Multiple standard vocabularies are available for representing specific knowledge domains and use cases. For example:
- Dublin Core can describe document metadata (eg author, title, date of creation etc);
- FOAF and SIOC can describe persons and relationships amongst them;
- SKOS can be used to define classification rules (lists of tags, taxonomies, etc);
- GoodRelations formally describes e-commerce scenarios;
- Schema.org is a very rich vocabulary that can describe a huge number of “concepts” and their “properties”, including Creative works (Book, Movie, MusicRecording, Recipe, TVSeries, …), Events, Organizations, Persons, etc. It has in fact been introduced to manage Search Engine Optimization (SEO) by big search vendors like Google, Yahoo and Microsoft/Bing.

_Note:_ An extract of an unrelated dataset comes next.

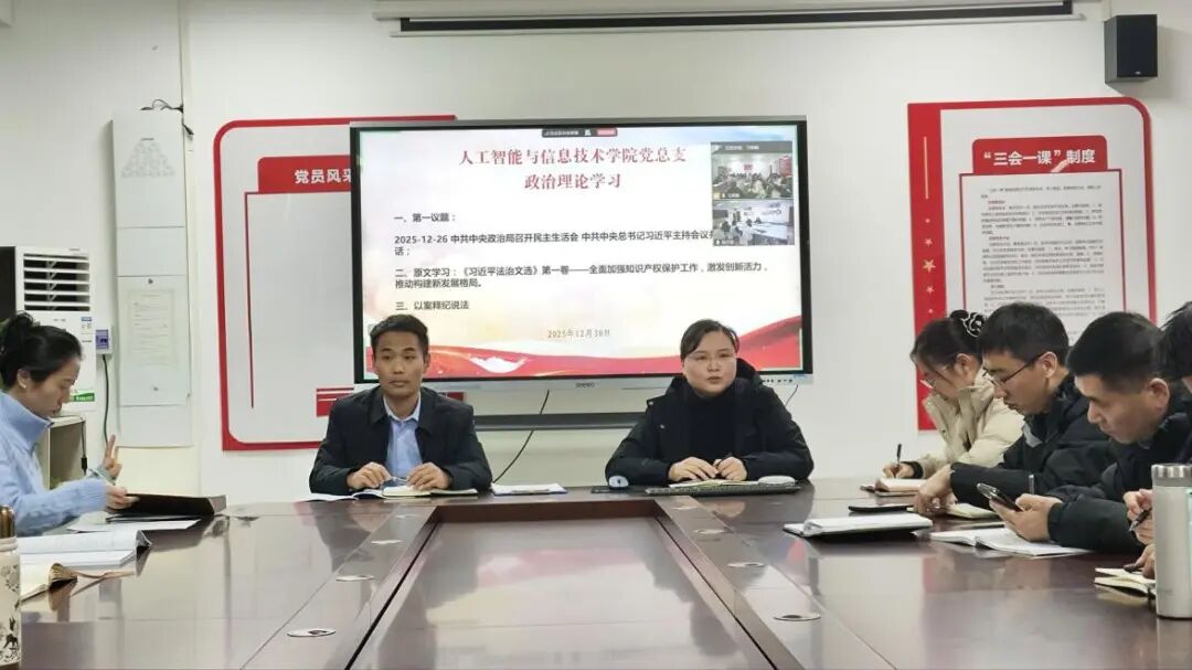 2025年12月30日,william威廉中文官网党总支组织郑州校区和开封校区全体党员及教职工,开展政治理论学习活动。本次学习活动由william威廉中文官网书记崔琳主持。主要学习内容有:一、第一议题:2025-12-26 中共中央政治局召开民主生活会中共中央总书记习近平主持会议并发表重要讲话;二、原文学习:《习近平法治文选》第一卷——全面加强知识产权保护工作,激发创新活力,推动构建新发展格局;三、以案释纪说法。

5. linking information/metadata around, to enrich the amount of information available, exploiting those already specified elsewhere.
For example, the triple:
< http://www.netseven.it/persone#LucaDeSantis >
< cito:likes >
< http://dbpedia.org/resource/Nine_Inch_Nails >
contains two real navigable set of information in the Subject and Object (together with the property “likes” of the “Citation Typing Ontology” vocabulary). One can exploit the semantic information of the two specified URLs to infer information about the Subject (Luca De Santis is a Person, works for Net7 srl, his job title is IT Consultant and his contact point is his Twitter account - https://twitter.com/#!/lucadex) and the Object (Nine Inch Nails is a Music Group of Industrial Rock).
Semantic Web has been one of the most discussed technologies for more than a decade (this term was introduced in a seminal article by Tim Berners-Lee on Scientific American in 2001!). After the hype has cooled down (so much that a lot of people completely lost interest on it) it has gained wide adoption in several fields, including: search (see below), SEO or the integration of content with Social Networks. The Open Data movement also boosted a huge interest in Semantic Web, because it is obviously important to describe free datasets in terms that can be easily understandable by automatic software agents. Likewise the widespread adoption of API services by software vendors could possibly in a near future be strictly linked to Semantic Web, since its technologies can provide better descriptions to application services and the data they ingest and produce.
Very often Semantic Web is associated to search: albeit sometimes this happens a bit too lightly (when this term is confused with natural language processing) it is also true that Semantic web can really empower enterprise search. In fact, while normal search engines can only recognize word occurrences, with semantics it becomes possible to identify "concepts" and disambiguate synonyms (eg. FED vs Federal Reserve System; Wall Street vs the New York Stock Exchange) or words with multiple meanings (Rock: Music or Geology? Wall Street: the NY District? The Movie? The Stock Exchange Market?). It’s not a case that Google is investing a lot on its Knowledge Graph, that exploits semantic information to enhance the search engine’s results.
The products at the basis of StoM exploit in their very nature Semantic Web technologies.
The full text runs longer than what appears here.